I must admit that should have cared more coming into it. I was largely aloof of the issue, and had been for years. I had seen information about the relocation in the campus YMCA and been loosely informed by the opinions of my parents. I could have argued that I had less stake in the matter, and in some ways I guess I might. On paper. I am a childless, unmarried college graduate who currently lives in Urbana. I am cut off entirely from this world of parents and high schools, bus-lanes and after-school sports. But my life is nonetheless deeply connected with Central High School, as much as it is rooted inexorably with Champaign-Urbana. I came to the conclusion that it would be crap to write off the responsibilities of community because of some sort of detached apathy, and thus began my own preliminary research on the issue, where I found that the arguments of the Keep Central Central movement were resonating with me.

The points they make are about space and heating, light and form, parking lots and beauty. They are about creating an environment that is not only accessible and aesthetically pleasing, but one that could foster learning. They are about using what we have to create something wonderful. I am a Champaign Central Alumnus and I remember sweating at my desk in the ninth grade, late August, and only focusing on the damp heat. I remember our shabby gym, cramped hallways and small windows.

We used to call it a prison.

I had expected this interview to be something something bare-boned and factual. I intended to pick her brain on these details and validate a sense of community passion in this way. In my head, it was going to be pretty political. My intention for this piece was to write an article that was both hard hitting and pointed, something sharp that would work conclusively towards an obvious choice about the location of the high school. Cut and dry.

What we focused on more than anything, however, was not necessarily the reasons why a centrally located high school is a good idea, but about the way that ideology and the way we think as a community had shaped the way that these decisions were being made.

More than anything, she told me, this Keep Central Central movement is about saying no. Or more precisely, about feeling okay about the action of saying no. This is a movement of opposition, with the simple goal of shooting down any referendum that would support the tax increase necessary to move Champaign Central High School north of Interstate 74.

What struck me the most about our talk was the way she spoke about a sense of permission: permission for educators and community members alike to still feel like progressive and compassionate members of a community while opposing something that had been billed as essential to development and moving forward. The groundwork of their argument had been laid in factual terms, but the path to ideological resistance was still murky and under-supported.

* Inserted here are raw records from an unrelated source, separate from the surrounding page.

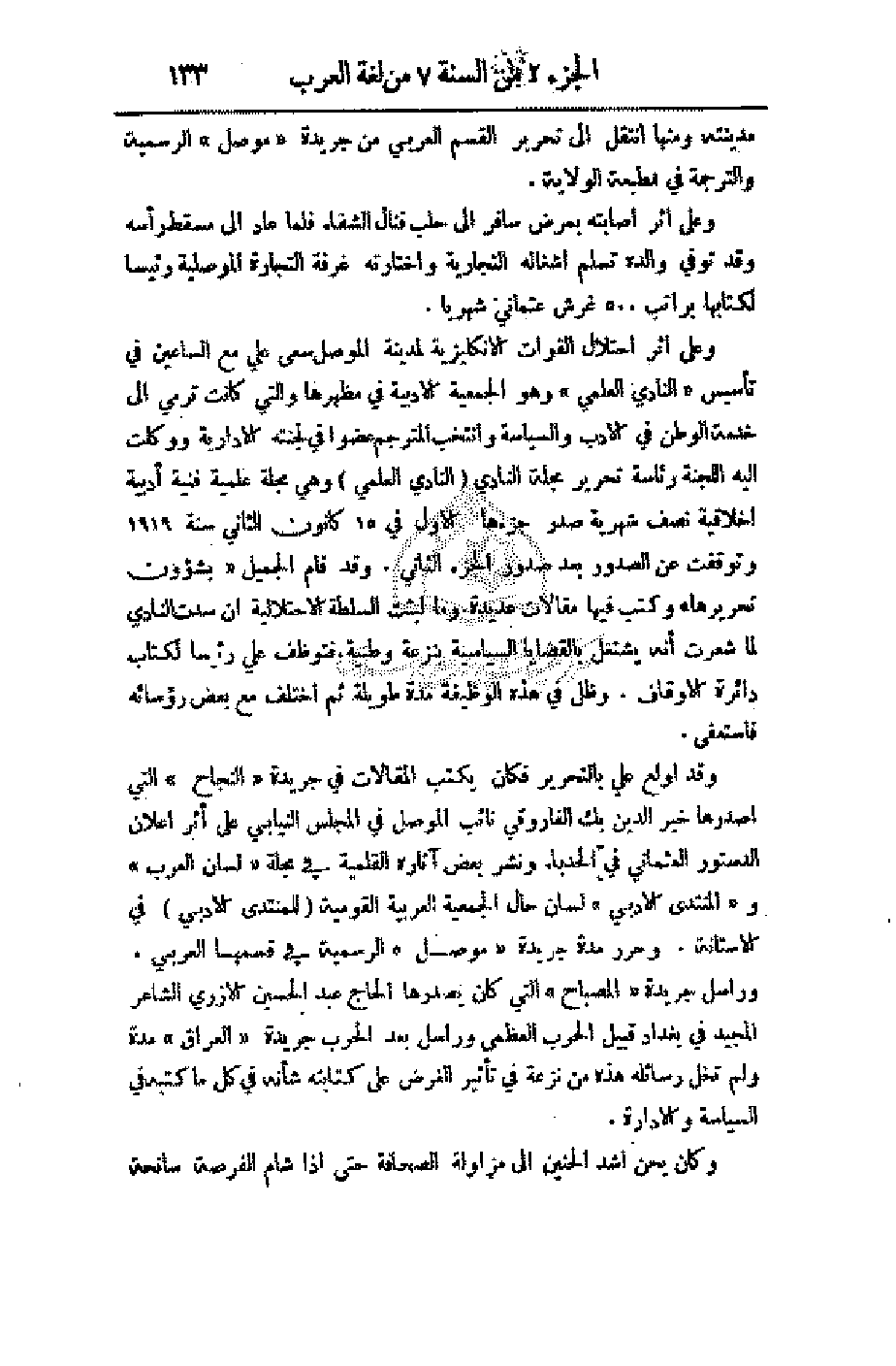 مدينته ومنها انتقل إلى تحرير القسم العربي من جريدة (موصل) الرسمية والترجمة في مطبعة الولاية.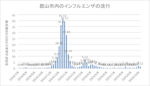 インフルエンザの報告が出始めました。郡山市は先週定点当たり1.22名の報告がありました。定点当たり1名を超えると流行が始まったと判断します。県全体では定点当たり3.17名でした。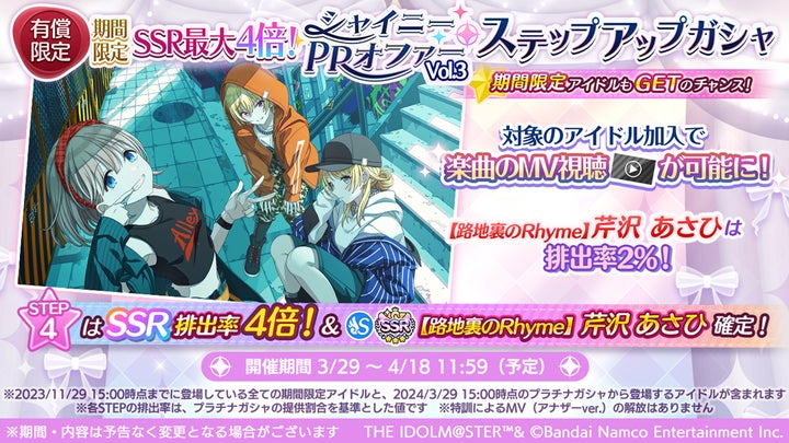 - SSRサポートアイドル、CDジャケット、特典内容、2024年4月17日、屋外広告、オリジナルアイテム、TVアニメ、新作アプリゲーム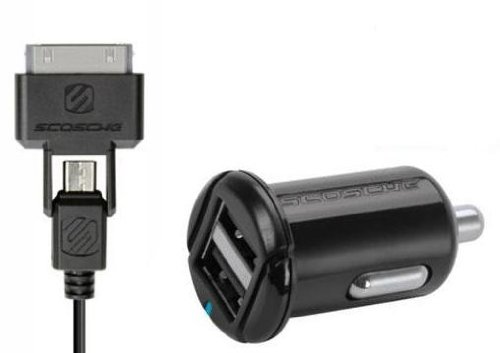 -. Title : SCOSCHE Dual 10 Watt (2.1A) USB Car Charger with Charge/Sync Cable - Black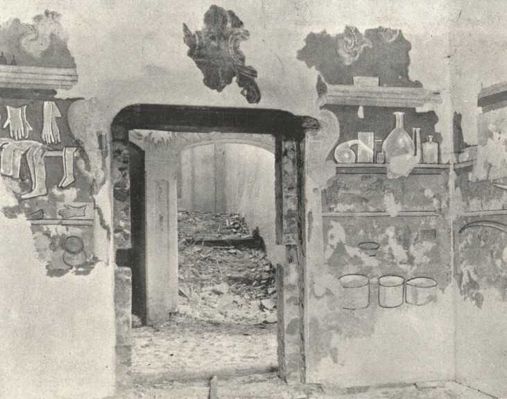 A szoba kosárboltozatán, a száraz falra festett képekből, már semmi sem látszik itt. Annál frissebb állapotban maradt meg az oldalfalak illuziós díszítése, mely véges-végig deszkapolcokat ábrázol, különbnél-különb tárgyakkal megrakva, amelyekkel a fejlődő gyermek eszének legkorábban kell megismerkednie. Faragó gyermekek számára festett képeskönyvének másfél száz év előtt készült monumentális kiadása e gyermekszoba, mely, azt hiszem, külföldön is párját ritkító kulturhistóriai érdekesség. S a polcra helyezett lombik, pohár, palack, kalap, cipő, a deszkákról lecsüngő harisnya, nadrág, kesztyű s egyéb ruhadarab képe rendkívül gonddal van megrajzolva. Körvonalai a nyirkos falba vésvék, árnyalása valamennyi tárgynak mesteri. Igen jellemző festőnkre nézve, hogy a legnagyobb gonddal a gyermekeknek szánt képein dolgozott.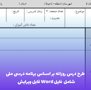 قیمت: 25٬000 تومان - دسته بندی فایل: عمومیطرح درس روزانه بر اساس برنامه درس ملی | فایل Word قابل ویرایش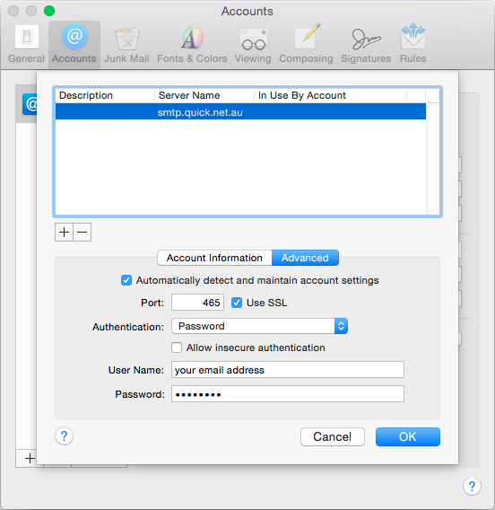 - Incoming Mail Server: imap.quick.net.au or pop.quick.net.au

Moving Central so far North is indicative of a particular mentality that I have noticed more and more frequently in our city. We pursue development in earnest and seem to crave the act of expansion and development as a way to increase both revenues and a sense of community relevance. It seems like we think that bigger is better, and we must chase the Urban part of Micro-Urban because urban growth is a crucial part of progression and development.

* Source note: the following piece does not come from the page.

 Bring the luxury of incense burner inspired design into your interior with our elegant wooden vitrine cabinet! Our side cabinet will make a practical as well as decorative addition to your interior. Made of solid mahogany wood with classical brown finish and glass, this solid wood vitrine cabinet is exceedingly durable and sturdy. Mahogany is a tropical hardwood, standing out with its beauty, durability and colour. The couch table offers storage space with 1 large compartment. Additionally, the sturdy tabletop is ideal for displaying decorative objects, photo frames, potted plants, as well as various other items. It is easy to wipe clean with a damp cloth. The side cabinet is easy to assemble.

We seem to think that growth occurs exclusively outward, as a function of size and shape and external progress. This can be seen laterally, with development pushing ever outward into the countryside and perpetuating a loose urban sprawl that threatens to stretch and striate our neighborhoods. It can be seen happening upwards as well on campus town in the form of massive new apartment buildings that are pulling housing out of low-rent developments and working steadily towards creating a housing bubble. Development is not in and of itself a necessarily good. Progression, if it is simply progression outward, can be problematic.

The Keep Central Central movement helps to challenge these ideals in two ways. First, it has established, pretty conclusively, that there is a great deal of merit in re-using and revitalizing internal space within our community. The arguments for re-use of the original Central building are cogent and appealing, backed by a precedent of similar building projects across the country. Second, it works to fight this majority-favoring ideology that dictates that expansion and remote development is necessarily a boon for both education and for the economic status of Champaign-Urbana.

I like any movement that allows individuals to fight back. In this case we are suddenly allowed to question patterns of thought and development that threaten to whitewash our decision making process. I think it is critical for grassroots movements, composed of compassionate individuals, to continue to crop up around our city and across the country. They help to break apart existing binaries, and help us to keep from stagnating and settling into fixed patterns of thinking and doing. It’s up to the rest of us to fight the apathy that is always lurking about the periphery of our civic lives.

I asked this woman what she planned to do next. She said that they were watching, waiting, ready to raise their voices and keep saying no.